Ask yourself: is changing what you're doing really important to you? Is the pain of your current situation greater than the pain of change? If it's not, that's cool. Carry on doing what you're doing. But be honest with yourself and don't turn it into a bunch of guilt and drama. Honestly, it's easier just to focus on the next meal than it is to bail on your progress.
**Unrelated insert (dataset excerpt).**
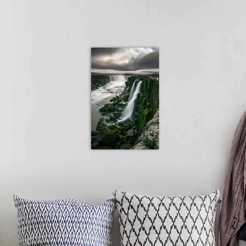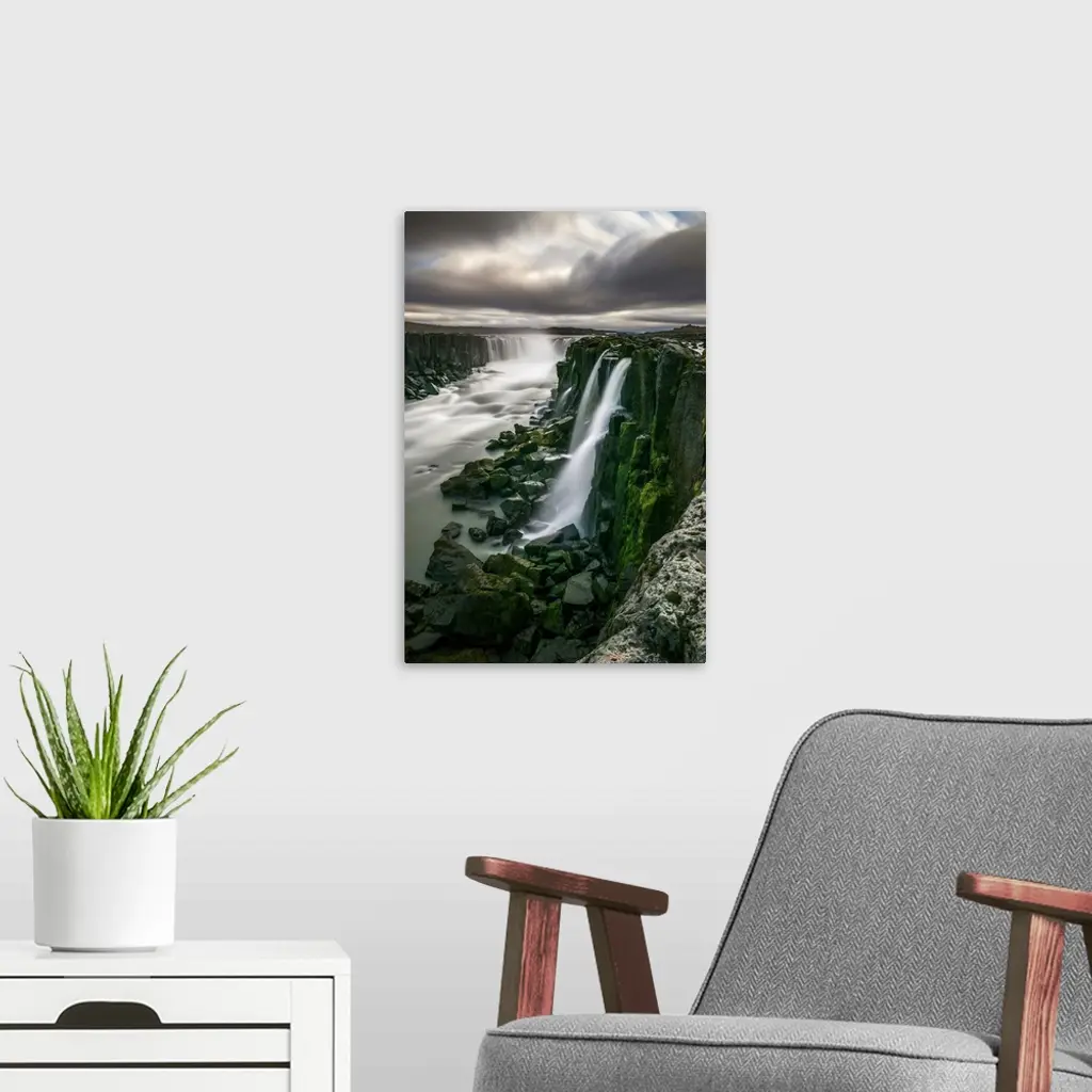 Waterfall Flowing Over Moss Covered Cliffs; Selfoss, Iceland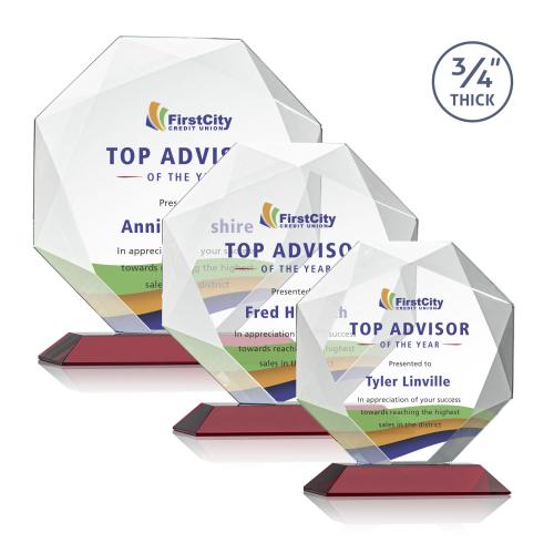 Spectacular Multifaceted 0.75" Thick Starfire Octagonal Award with deep recessed bevels forming a striking diamond design. Mounted on a mitered Red Crystal Base. Let your message POP with full-color VividPrint!

If the pain of your current situation IS greater than the pain of change, then let's get started. One meal at a time. Hopefully you're working with a nutritionist or coach (hopefully from Weighted Plate!) who can ensure that the meals you're prepping are healthy and in line with your goals. And hopefully you can start to be honest with yourself about what you're feeling when you reach for certain foods. Is it hunger? Is it sadness? Is it stress? Keep a journal. But there will be no relationship drama (at least not with your food) and no morality issues-- just eating well. One meal at a time. If one is bad, make the next one good. And so on, and so forth.